Found 3 outliers among 100 measurements (3.00%)
1 (1.00%) low mild
2 (2.00%) high mild
build_accel_cubic_100_points
time: [109.18 ns 109.43 ns 109.71 ns]
change: [-12.361% -11.958% -11.573%] (p = 0.00 < 0.05)
Performance has improved.
Found 4 outliers among 100 measurements (4.00%)
3 (3.00%) high mild
1 (1.00%) high severe
On a hunch, I remember performance being very sensitive to change in CubicSegment::position. After reverting this to using powi and retesting, it seems to account for all of the performance change. In other words, reverting that one line accounts for all the perf difference I see between this branch and main.
We'd need to look at the assembly to understand if this is just a fluke or not, but it seems to be consistent. Your benchmark results suggest this is a platform specific micro-optimization, I'm guessing between Arm and x86.
I was using my workstation for the benchmarks, which uses a Ryzen 5 3600 and 4x8GB 3200MHz CL16 RAM configuration.
The change in results on your machine did surprise me, but it does make sense when you consider the vast differences between arm and x86. Either in the discussions or in one of the related commit messages there was a link to godbolt comparing the two implementations, it can probably be used to see the difference on arm as well.
The godbolt link turned out to be in a thread in discord (before math-dev was created): https://godbolt.org/z/M7s3zY3cx
UPD: Same but with rustc 1.76.0 and target set to aarch64-apple-darwin: https://godbolt.org/z/eKczTvd7T
The difference in assembly is miniscule, a couple of instructions less with the new implementation, which is weird considering your benchmark results.
I don't know what our position is on platform specific optimizations, but we could special case the use of pow if the performance difference really is that significant.
WRT the blanket implementation, I am starting to come around to agree with @aevyrie.
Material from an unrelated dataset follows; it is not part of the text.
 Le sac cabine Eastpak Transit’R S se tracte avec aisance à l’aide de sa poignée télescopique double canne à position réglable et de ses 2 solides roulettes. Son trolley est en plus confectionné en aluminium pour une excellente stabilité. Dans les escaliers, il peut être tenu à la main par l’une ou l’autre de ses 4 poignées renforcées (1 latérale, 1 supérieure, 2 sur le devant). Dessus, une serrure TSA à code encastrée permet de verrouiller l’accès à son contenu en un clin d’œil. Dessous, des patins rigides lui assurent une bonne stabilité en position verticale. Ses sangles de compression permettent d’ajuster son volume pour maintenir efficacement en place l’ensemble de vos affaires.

Feels S-controversial, but silly to mark the whole PR because of this.
Good point that bevy_math should be focused on glam.
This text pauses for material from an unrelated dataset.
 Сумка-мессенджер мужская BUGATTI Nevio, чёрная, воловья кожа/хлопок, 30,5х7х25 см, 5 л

bevy_math uses glam as it's the most convenient and best fitting library. It's a primary library, not the only one. I think it's better to provide the implementations instead of making them do the whole new type dance if they dare use some other type.
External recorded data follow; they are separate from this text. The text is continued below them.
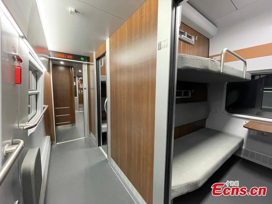 The couchette carriage of the CR200J1-C Fuxing high-speed train in Xi'an, northwest China's Shaanxi Province. (Photo: China News Service/Jia Zhiwei)
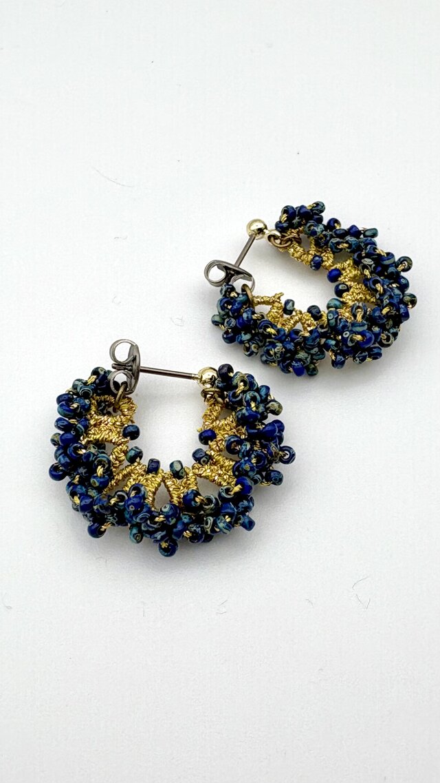 深い青の中に金の輝きが浮かぶピアスは、夜の散歩にそっと寄り添う小さな魔法
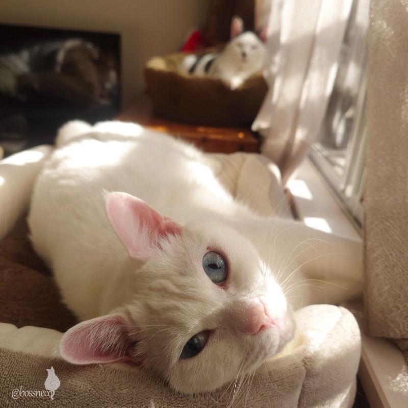 PC見ている私を見ている白猫Ryu を、眺めいている白黒coco 今日はのんびり過ごしましょ #Blueskyねこ部 #CatsOfBlueSky #楽しい我が家 #こんな毎日が大切 — from Bluesky 2025-01-02

It could be possible to have a feature to switch between blanket impl and only glam impls. But I don't find it clean and it feels like an overcomplicating due to a conflict in opinions. I don't expect anyone to like this approach, but that's just my opinion.
I don't know what our position is on platform specific optimizations
It's probably not worth it unless we had more confidence/data to suggest they were worthwhile. I think the change in this PR is probably fine. It's a bit of a trade on ARM, but a win on x86, at least with that one sample.
RE: blanket impl:
It's a primary library, not the only one.
Isn't it exactly the only one?
bevy_math only has 3 dependencies (now 4 with thiserror), only uses glam for math types, and exposes features for mint interoperation. Up to this point, bevy_math's M.O. has been to entirely use glam and rely on glam's mint feature to allow users to easily convert to/from glam types.
In other words, the behavior of bevy_math w.r.t. other math types has always been conversion. Without the blanket impl, you can just use the built in mint conversions (or bring your own):
let bezier = CubicBezier::<Vec3>::new([[
my_nalgebra_vec3_1.into(),
my_nalgebra_vec3_2.into(),
my_nalgebra_vec3_3.into(),
my_nalgebra_vec3_4.into(),
]])
.to_curve();
Sorry, my wording was a bit messed up. I meant "not the only one allowed to be used".
Regarding the mint feature, I was not aware of it's existence, and it does make the situation better.
At this point I am unsure on what to do, as the downsides of reverting the blanket impl again have been addressed.
I think if it were to be reverted, the list of types that the trait is impled on should be revised to make sure that it includes all the types that would possibly be used, from glam and std.